The PNE may be cancelled — but there's optimism your summer won't be
Decreasing case counts are important, but so is emerging data out of the U.K. and Israel
In the early days of the pandemic, the phrase "out of an abundance of caution" was often used as people accepted shutting down large parts of their lives.
That same philosophy is now guiding festivals figuring out their summer plans.
"An in-person traditional style fair … was simply not possible," said Laura Ballance, spokesperson for the PNE, which announced Wednesday it would be cancelled for 2021.
The annual date for the fair is about 100 days away — but Ballance said with Provincial Health Officer Dr. Bonnie Henry saying "big events" were "not likely" this year, the PNE made an early decision to pull the plug.
"You have a go, no-go moment in order to ramp up. We are at the time where we would need to start making commitments to suppliers and contractors."
The PNE's decision came a day after Bard on the Beach announced it would stick with digital-only offerings this summer as well.
But while large events where hundreds of people gather at once may need to be cancelled for a second summer, there's a number of emerging signals that things in B.C. might begin looking more "normal" over the next few months.
"I do think the signs are good for August," said Sarah Otto, an evolutionary biologist at UBC.
Otto is part of the B.C. COVID 19 Modelling Group, a group of researchers from SFU and UBC who earlier this year warned hospitalizations and daily case numbers could explode in B.C. if further restrictions weren't imposed.
And while the province resisted implementing new restrictions for most of March — and paid the price with hospitalizations and active cases doubling in a matter of weeks — they eventually did put in new public health orders, and pandemic numbers have gone down rapidly ever since.
More specifically, active cases, the rolling average of new cases and people under active monitoring are all down by more than 30 per cent from their third wave peak, with no sign of slowing down.
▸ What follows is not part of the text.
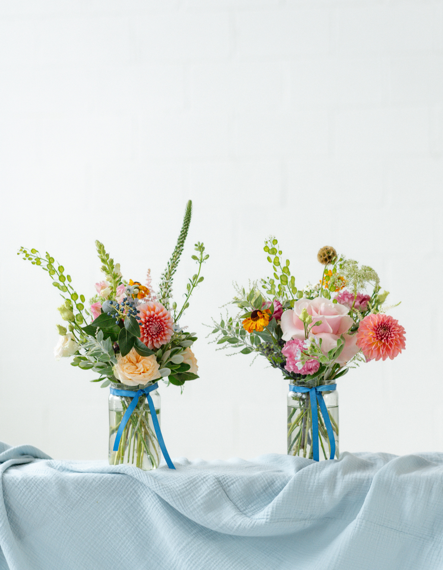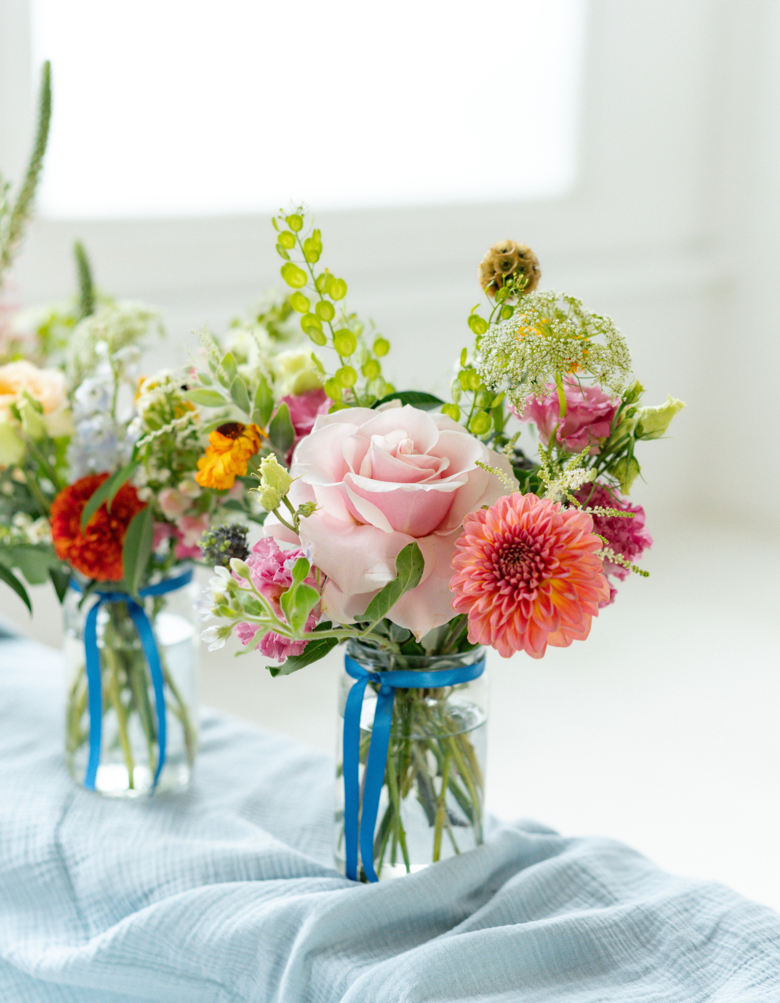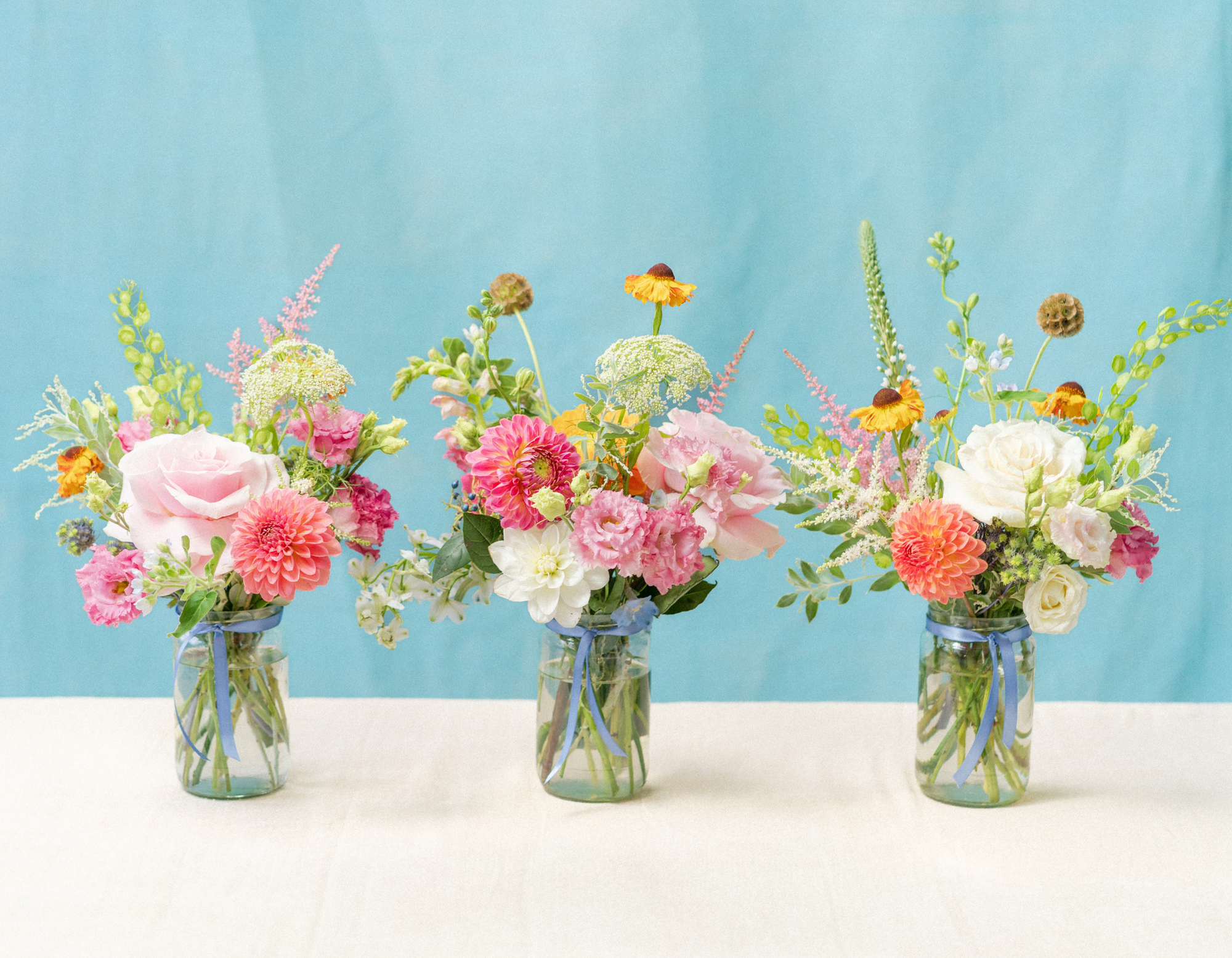 A set of 3 Jam or Mayo sized Jars, each filled with fresh seasonal flowers in your chosen colour palette. We vary the heights and textures for that effortless, natural look, never matchy-matchy, always beautifully balanced.

But the second reason modellers see cause for optimism is witnessing what has happened in countries where the majority of the population has received a vaccine shot, a mark B.C. will likely pass at some point in late May.
Specifically, daily cases in Israel and the United Kingdom are down by more than 90 per cent since their peaks in January and have continued to go down even as restrictions have lifted.
"The signs are good," said Otto.
"Now mind you, they're not fully opened up, there are still a little bit of restrictions or layers of protection, and I think we're going to see that this summer too."
Turning point in July?
Both Otto and Daniel Coombs, another member of the modelling group that has helped the government with its projections, say there's a few things they will be watching for to see if B.C. can be in a similar situation come June and July.
One is whether any new variants emerge that are more resistant to vaccines than previous ones have been. Another is further data in more jurisdictions on the efficiency of one vaccine shot months after it's delivered.
If that provides good news, the biggest question becomes what percentage of British Columbians need at least one vaccine shot before restrictions can start to be lifted without a large risk of cases once again surging.
"Is it that 50, 60 per cent range?" said Coombs. "Add three weeks [for the vaccine to take effect] and that puts you somewhere in early July."
In other words, based on available evidence, it's possible that by the end of July case counts are low enough and enough people are vaccinated for summer activities to look very similar to previous years, so long as you aren't gathering with several hundred strangers.
It's nowhere near the level of certainty required for large organizations like the PNE to make plans, and both Coombs and Otto believe the government will err on the side of caution in lifting restrictions.
But it's more optimism than many have had in quite some time.
"Just get vaccinated when you have the chance," said Coombs. "It's just so critical at this point."